Recently (past few weeks?) I’ve noticed many twitter feeds that go from zero unread posts to exactly 20 new/unread posts. I suspected something new/weird because this (exactly 20 items) happens so often, but couldn’t put my finger on it.
Today, one twitter feed with exactly 20 posts came from a twitter user who hasn’t posted in a while but today posted a numbered 30-tweet thread. My newsblur feed for that twitter account contains exactly 20 items, which are the “latest/last” tweets numbered 11 througth 30. Somehow newsblur completely missed tweets 1 through 10 in that feed/batch/update.
This is as close to “conclusive” evidence that I can get that there is some kind of rate limit or batch limit or … somthing? I can’t tell if it’s a newsblur polling issue or a twitter backend/API issue, or ?

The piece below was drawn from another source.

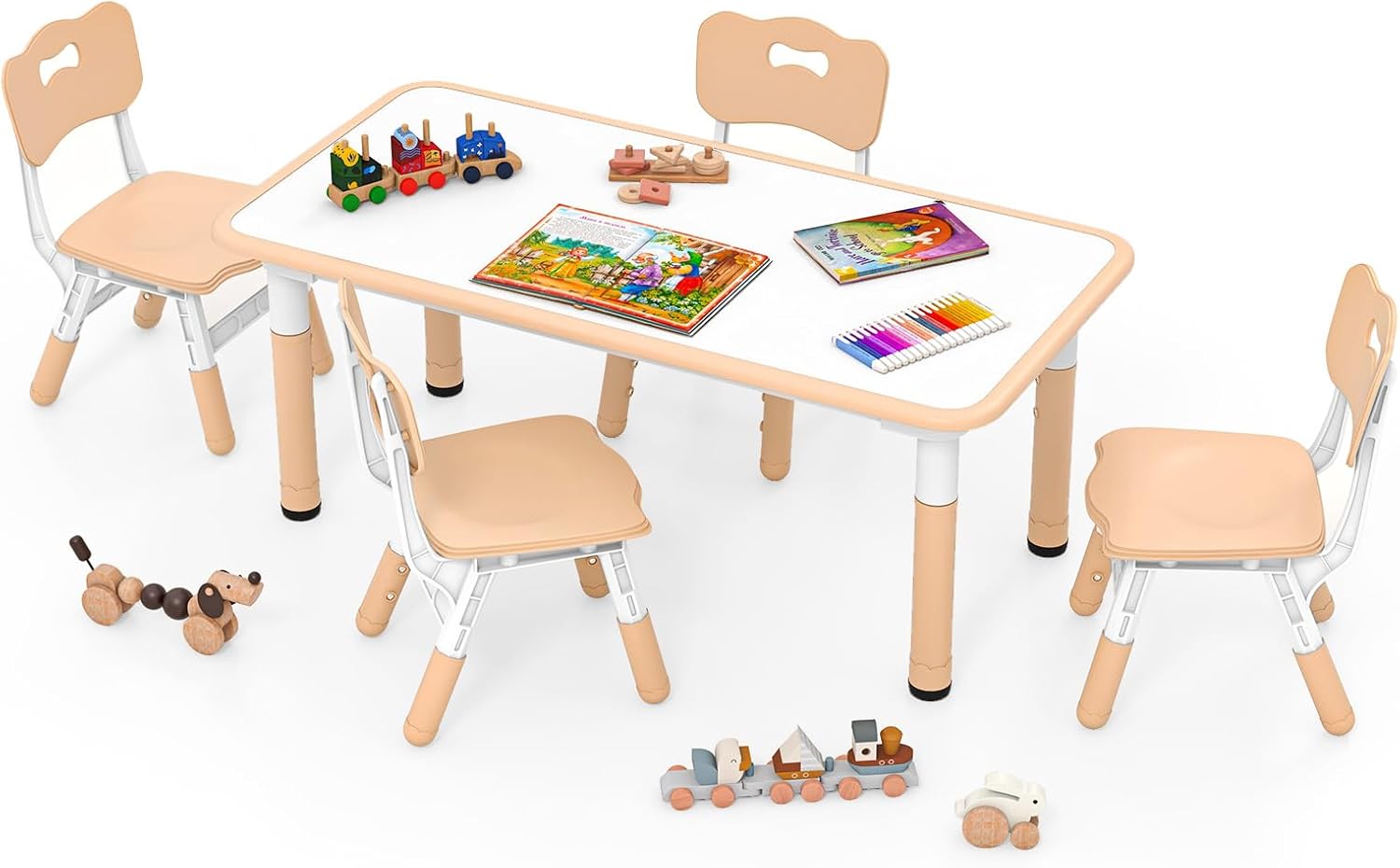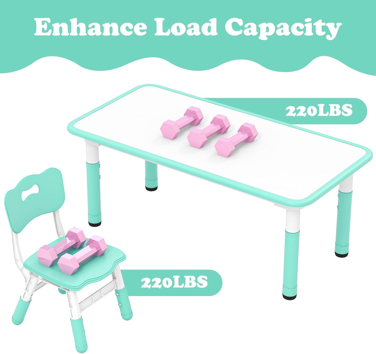 Why do you choose INFANS Wooden Kids' Art Table and Chair Set?Designed with growing kids in mind, our adjustable toddler art desk and chair set is the perfect solution for a variety of activities. The kids-sized table and chair set offers seven height settings, ranging from 18.9 inches to 23.6 inches, while the chairs come with three different height options (10.2", 11", and 11.8"). Crafted from high-quality, BPA-free PP material, this set is not only safe and odorless but also waterproof, wear-resistant, and smooth to the touch, enhancing its durability. The remarkable weight capacity of 220lbs for both the art desk and chair set provides unparalleled stability. Additionally, the unique 47" x 23.5" graffiti-style tabletop encourages creative expression, as children can use watercolor pens to doodle and draw. Cleaning is a breeze, as the surface can be easily wiped down with a cloth. This versatile set offers ample room for a variety of activities, from homework and arts and crafts to playtime with friends. Invest in a furniture solution that grows with your child and supports their development.Features:Certified by ASTM and CPSIASuitable for children aged 18+ months oldEasy to assemble with instruction and hardwareSuitable for learning, drawing, doing crafts, etcSmooth rounded corners provide better protectionSpace-saving design with stackable chairs for convenient storage7-position adjustable table and 3-position adjustable chairs for various needsSuitable for the kids’ room, kindergarten, day-care center and moreSpecifications:Color: Green/Natural/PinkMaterials: PP, Engineered WoodDimension of Table: 47" x 23.5" x 18.9"-23.6" (L x W x H)Dimension of Each Chair: 12.5" x 14" x 20"-21.6" (L x W x H)Size of Seat: 12.5" x 12" (W x D)Seat Height Range: 10.2"/11”/11.8"Net Weight of Table: 25.5 lbsNet Weight of Each Chair: 3.5 lbsWeight Capacity of Table: 220 lbsWeight Capacity of Each Chair: 220 lbsRecommended Ages: 18+ Months OldPackage Includes:1 x Table4 x Chairs1 x Instruction

Newsblur’s site settings show no polling errors or rate-limit errors, so either newsblur is batching weirdly or twitter is silently delivering “not the whole updated feed” on any given polling cycle, or ???
I suspect this may be a per-poll limitation because many other twitter feeds routinely populate with many more than 20 items; my guess is that those higher-than-20 unread items accumulate over more than one polling cycle (less than 20 items/poll?).
Basically if a feed hasn’t published in the past 30 days, it follows different rules. In this case, these twitter accounts are dormant until they’re not. Once they start posting again, all of their posts should show up. Part of the algorithm also takes into account how many of these stories are actually read, so if you read a story in a feed that has been dormant, it’ll start accumulating more stories.
Hmm. The inactive feed explanation doesn’t match my observations.
The feeds seeing exactly 20 items coming in at a time are active on a daily basis. And I read them regularly.
I wonder if something like a combination of increased tweet volume and/or long-ish polling intervals has revealed a limit that was always there.
It looks to me like the twitter API that tweepy uses to fetch tweets has an optional “count” parameter that (as far as I can see) is not set to any particular value. I also don’t see mention of any default limit in the twitter API docs, but clearly there must be some limit to how many “recent” tweets are returned. I wish I had a better understanding of the interplay between polling intervals and the definition of “recent tweets” in the twitter API.
Having now investigated a total of three high-volume “newsblur 20 count” twitter feeds, it now seems inescapable: presumably through a combination of polling intervals and tweet-fetch limits inherent in newsblur’s use of the twitter API, newsblur loses many tweets when an account posts more than 20 tweets per newsblur polling cycle. This renders newsblur ineffective as a twitter feed consolidator: too much information is lost.
Farewell, fair newsblur twitter feeds, you were fantastic while the twitter volumes were sufficiently low.